# [WHAT IS BEING ASKED]
Only one stretch of the data below is wanted: the lines starting at the one with "到达目的地后可以发现数百年前" and ending at the one with "A screw eye", both included, given again exactly.

# [THE DATA]
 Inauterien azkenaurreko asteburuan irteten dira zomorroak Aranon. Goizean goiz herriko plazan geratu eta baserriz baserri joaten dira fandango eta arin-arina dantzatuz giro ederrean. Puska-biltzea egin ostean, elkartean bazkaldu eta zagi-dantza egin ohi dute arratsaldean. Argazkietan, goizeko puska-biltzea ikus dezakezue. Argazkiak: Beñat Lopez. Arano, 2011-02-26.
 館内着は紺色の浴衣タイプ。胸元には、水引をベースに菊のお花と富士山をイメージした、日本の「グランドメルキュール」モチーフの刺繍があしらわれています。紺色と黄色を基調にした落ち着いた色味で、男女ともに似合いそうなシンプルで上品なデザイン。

==

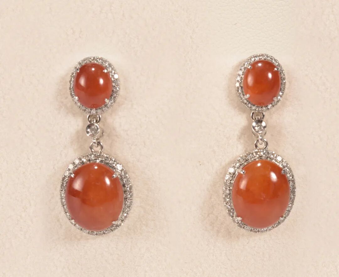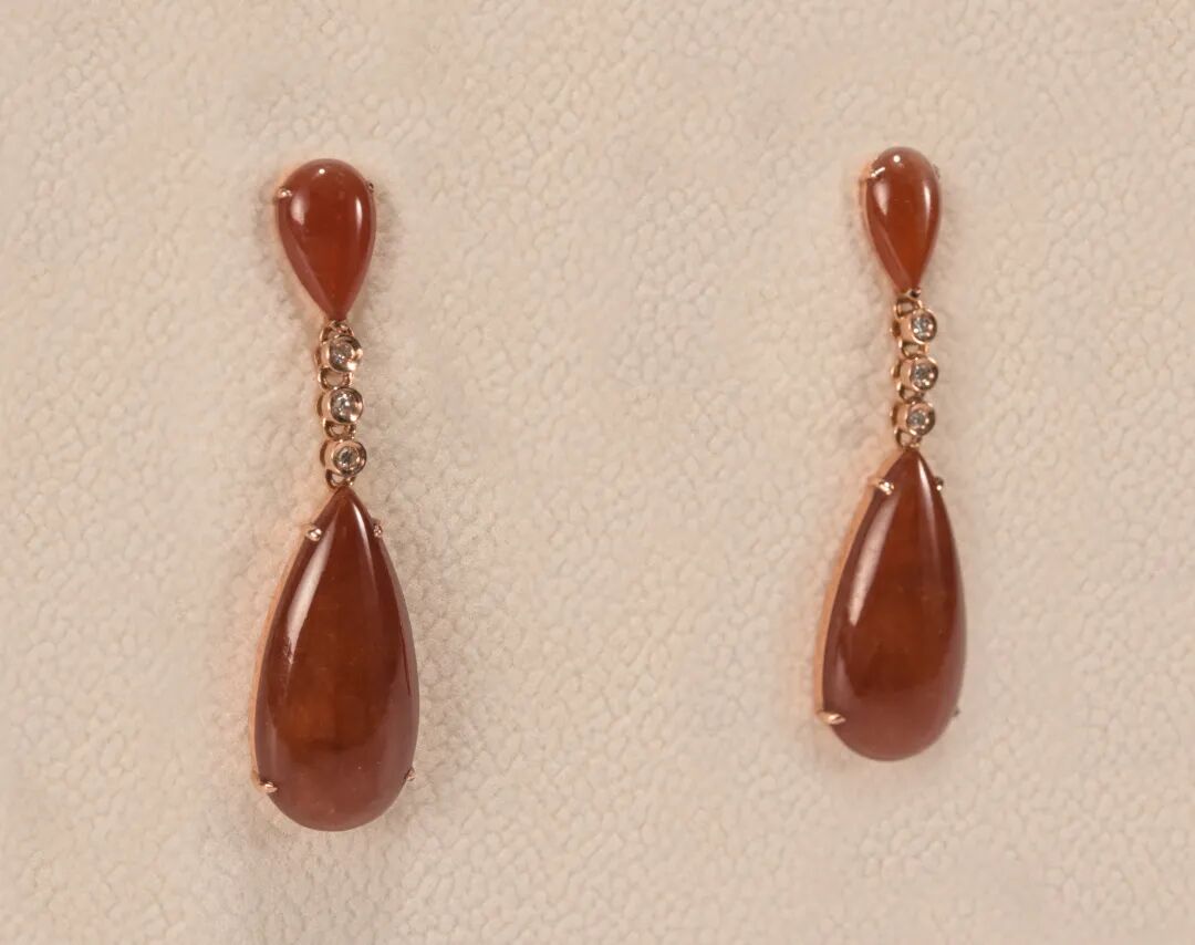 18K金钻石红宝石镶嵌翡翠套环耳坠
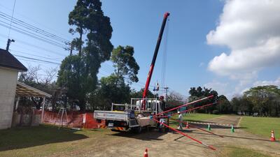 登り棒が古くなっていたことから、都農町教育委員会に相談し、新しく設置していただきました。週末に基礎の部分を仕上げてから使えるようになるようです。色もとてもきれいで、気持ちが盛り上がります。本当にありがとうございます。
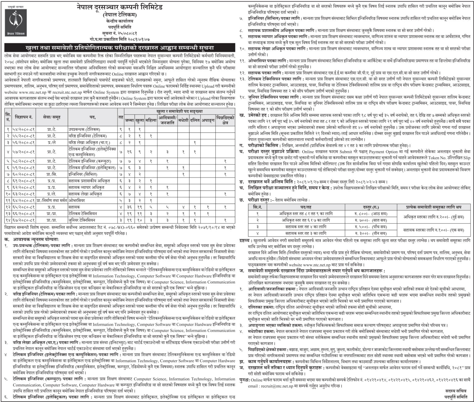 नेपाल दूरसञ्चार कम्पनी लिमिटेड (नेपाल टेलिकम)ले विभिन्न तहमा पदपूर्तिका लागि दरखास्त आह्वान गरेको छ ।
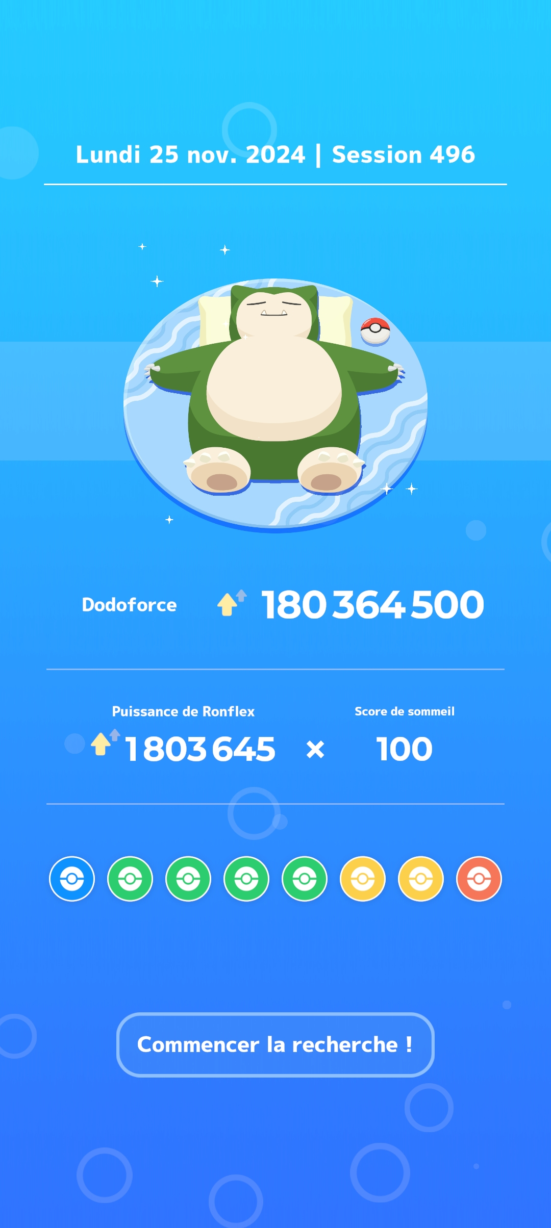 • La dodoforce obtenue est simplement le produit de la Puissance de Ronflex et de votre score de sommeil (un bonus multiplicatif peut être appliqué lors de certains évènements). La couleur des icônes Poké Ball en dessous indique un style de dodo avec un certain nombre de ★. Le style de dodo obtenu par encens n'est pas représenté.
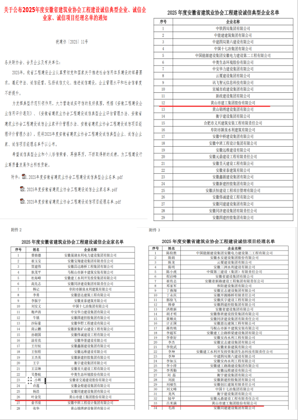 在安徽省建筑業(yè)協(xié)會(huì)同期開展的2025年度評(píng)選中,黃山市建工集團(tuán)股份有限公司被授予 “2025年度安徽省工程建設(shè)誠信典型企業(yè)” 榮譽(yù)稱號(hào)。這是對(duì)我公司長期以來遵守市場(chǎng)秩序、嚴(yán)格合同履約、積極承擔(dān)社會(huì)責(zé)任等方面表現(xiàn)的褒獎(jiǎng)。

---

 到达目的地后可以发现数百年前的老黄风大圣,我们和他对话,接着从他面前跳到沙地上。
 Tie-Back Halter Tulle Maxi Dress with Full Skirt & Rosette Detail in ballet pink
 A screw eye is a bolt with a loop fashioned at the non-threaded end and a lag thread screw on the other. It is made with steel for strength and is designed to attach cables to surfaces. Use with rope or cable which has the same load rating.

# [EXERCISE RESPONSE]
 到达目的地后可以发现数百年前的老黄风大圣,我们和他对话,接着从他面前跳到沙地上。
 Tie-Back Halter Tulle Maxi Dress with Full Skirt & Rosette Detail in ballet pink
 A screw eye is a bolt with a loop fashioned at the non-threaded end and a lag thread screw on the other. It is made with steel for strength and is designed to attach cables to surfaces. Use with rope or cable which has the same load rating.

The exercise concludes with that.